Seriously. Pretty much from the moment I was old enough to make the decision myself I've not been. Which is weird, because when I was a kid I had the loveliest dentist and never needed any working doing. That said, he used to have a load of those little furry clip-on toys that used to be everywhere in the eighties attached to his lamp and I always worried one would fall off, straight into my mouth and I'd choke, so I guess there's a reason for my paranoia.

Anyway, at this point, even though the tooth doesn't hurt and I can stab it with my tongue and drink tea and eat and it only feels weird when I do touch it I decide there's two courses of action:

1. Leave it and hope it gets better.
2. Go to a dentist.

I know I'm grown up now because I actually decide on option 2, even though option 1 was mightily appealing.

Finding a dentist on a Friday afternoon when you've not had a dentist in years is a fraught experience, reader.
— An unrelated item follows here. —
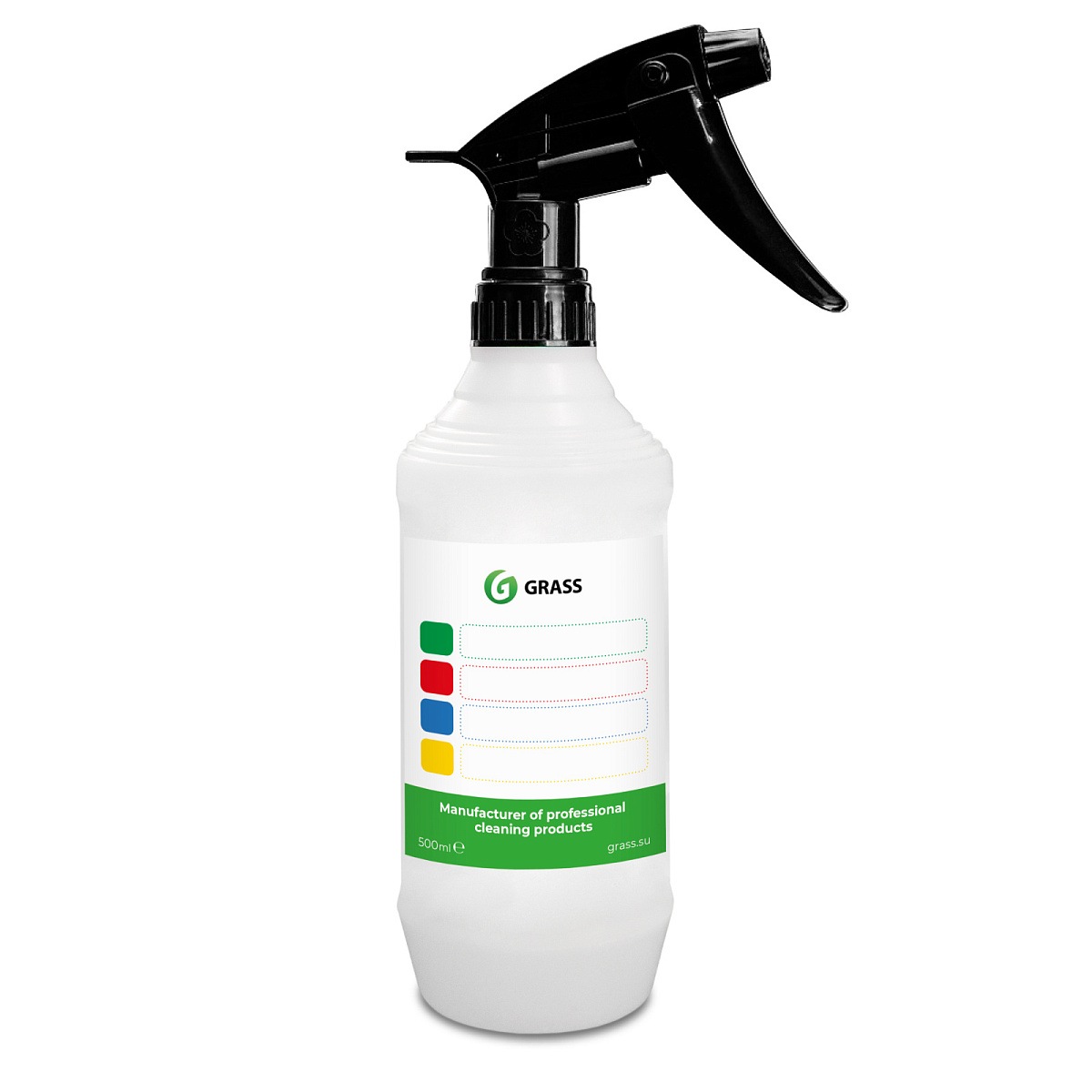 Универсальная бутылка с профессиональным триггером с цветной кодировкой. Бутылки с профессиональным триггером помогут не только в удобном разведении и применении концентрированных моющих средств, но и позволят разграничить сферу их применения благодаря цветной кодировке на этикетке: зеленый - уборка мест приготовления и приема пищи; красный - уборка санитарных зон; синий - уборка в офисах, коридорах, проходных зонах бизнес и торговых центров; желтый - уборка медицинских учреждений.

Especially so when you're trying to find an NHS one and the closest appointment they can give you is in April. And this is why I ended up going to a private dentist, because not only were they reasonably affordable, but they were just a short walk from Sparky Towers and had a rather nice, professional looking logo so I reasoned they must be good.

So at an ungodly hour on Monday morning I rock up to the dentist and fill in a registration form; under the section asking 'do you have any medical conditions we should know about' I write 'I'm absolutely terrified of dentists (sorry).'

A short time later a lovely lady approaches me and introduces herself. We'll call her Susan. "Nice to meet you Susan," I say. She smiles and replies "you don't really mean that, do you?"
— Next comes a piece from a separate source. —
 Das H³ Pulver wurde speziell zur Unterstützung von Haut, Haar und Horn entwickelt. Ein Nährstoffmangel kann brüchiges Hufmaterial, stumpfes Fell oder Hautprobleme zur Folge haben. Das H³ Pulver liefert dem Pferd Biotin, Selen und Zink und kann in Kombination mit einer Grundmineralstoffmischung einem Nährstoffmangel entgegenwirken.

Susan leads me to her chamber of horrors and asks me to perch on the seat. I explain what's happened and she doesn't chastise me for not going to a dentist in 847 years. Then she asks me to swing my feet up and she begins to lower the chair. At this point I go rigid with fear because the sensation of the chair tilting makes me feel like I'm going to be waterboarded, or simply slide off the chair and shatter into a thousand tiny pieces on the floor. Above me is a flatscreen television showing a piece on BBC Breakfast about Brexit, as if I wasn't already terrified enough.

After a quick look in my gob Susan says I've done remarkably well for someone who's neglected their dental health for such an obscenely long time. Then she pulls out a wand with a camera attached and, replacing the BBC Breakfast Brexit piece on the television begins to take me on a guided tour of my mouth. If it wasn't for the fact she had two fingers and a camera in my mouth I would've asked if she could change the channel back to the Brexit piece and as lovely as this all was, could she just fix what needs fixing and leave me feeling blissfully ignorant.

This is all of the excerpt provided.